Event
Ph.D. Dissertation Defense: Mingze Gao
Thursday, April 5, 2018
11:30 a.m.-2:00 p.m.
AVW 2168
Maria Hoo
301 405 3681
mch@umd.edu
ANNOUNCEMENT: Ph.D. Dissertation Defense
Name: Mingze Gao
Committee:
Professor Gang Qu, Chair/Advisor
Professor Shuvra S. Bhattacharyya
Professor Manoj Franklin
Professor Donald Yeung
Professor Yu Chen, Dean's Representative
Date/time: Thursday, April 5th, 2018 at 11:30 am - 2:00 pm.
Place: AVW 2168
Title: Approximate Computing Techniques for Low Power and Energy Efficiency
Abstract:
Approximate computing is an emerging computation paradigm in the era of the Internet of things, big data and AI. It takes advantages of the error-tolerable feature of many applications, such as machine learning and image/signal processing, to reduce the resources consumption and delivers a certain level of computation quality.
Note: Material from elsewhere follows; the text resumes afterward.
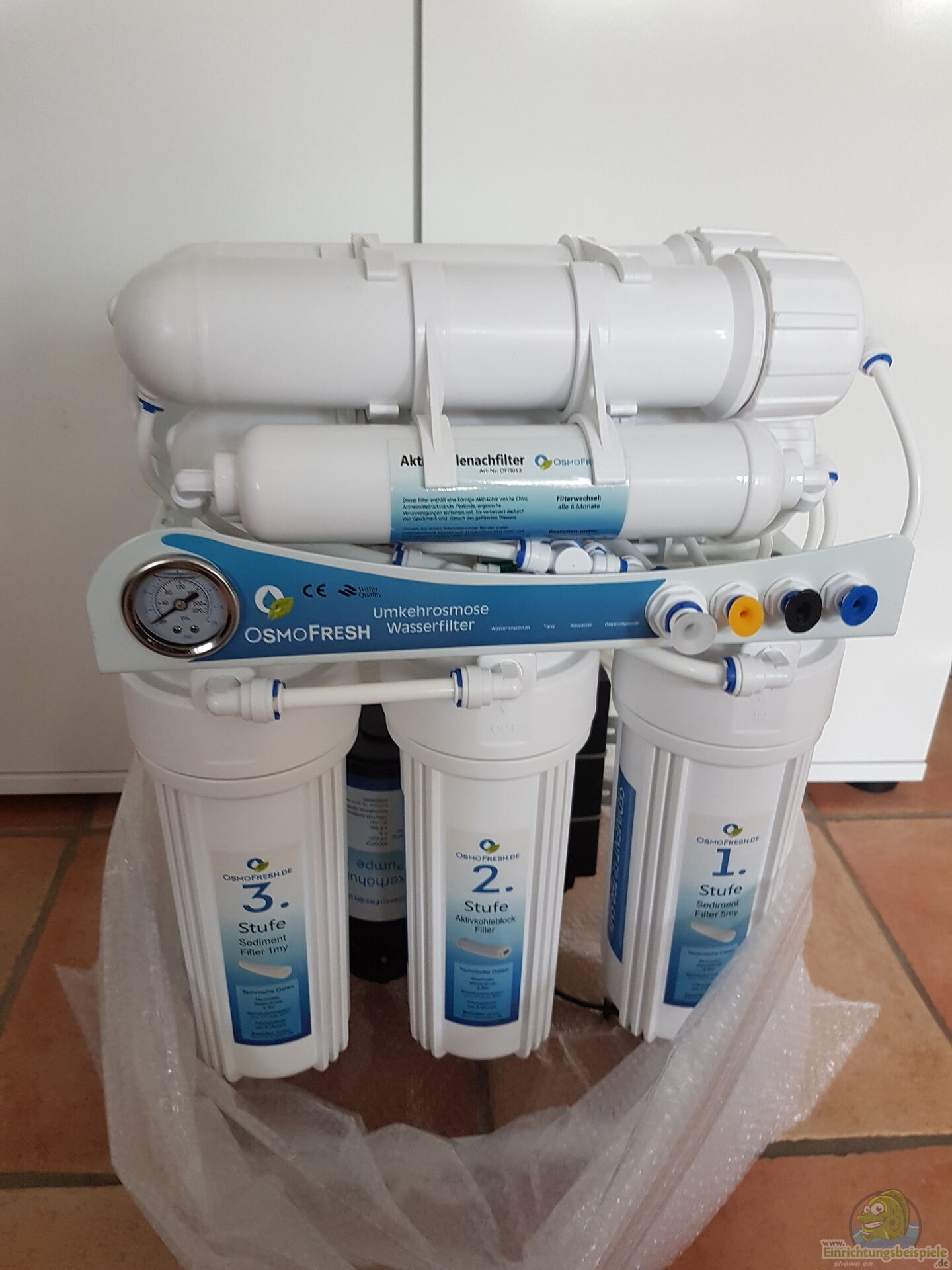 Ein typisches Umkehrosmose-System besteht aus mehreren Stufen der Filtration, einschließlich eines Sedimentfilters, eines Aktivkohlefilters, eines Kohleblockfilters und der Umkehrosmosemembran. Nach dem Durchlaufen des Filtersystems wird das Wasser in einem separaten Tank gespeichert.

In this dissertation, we focus on utilizing the characteristics of different data formats for arithmetic and numerical approximation. Currently, there are mainly three data formats that are widely used in the modern computing system, the integer and fixed point format, and the floating point format. For the integer and fixed point format, we propose a dynamic solution and a static solution. In the dynamic way, we propose an Approximate Integer Format (AIF) and corresponding computing mechanism. In the static way, we analyze the data range to statistically select the MSBs during computations. For the floating point system, we propose a runtime estimation technique by converting data into the logarithmic domain to assess the intermediate results. Then we replace the non-critical computations with the estimated value.
Besides the low power and energy efficiency concern, we propose an approximate floating point based security primitive that enables us to embed information during the process of approximate computing. The hidden information can be generated, embedded, and retrieved for several security applications.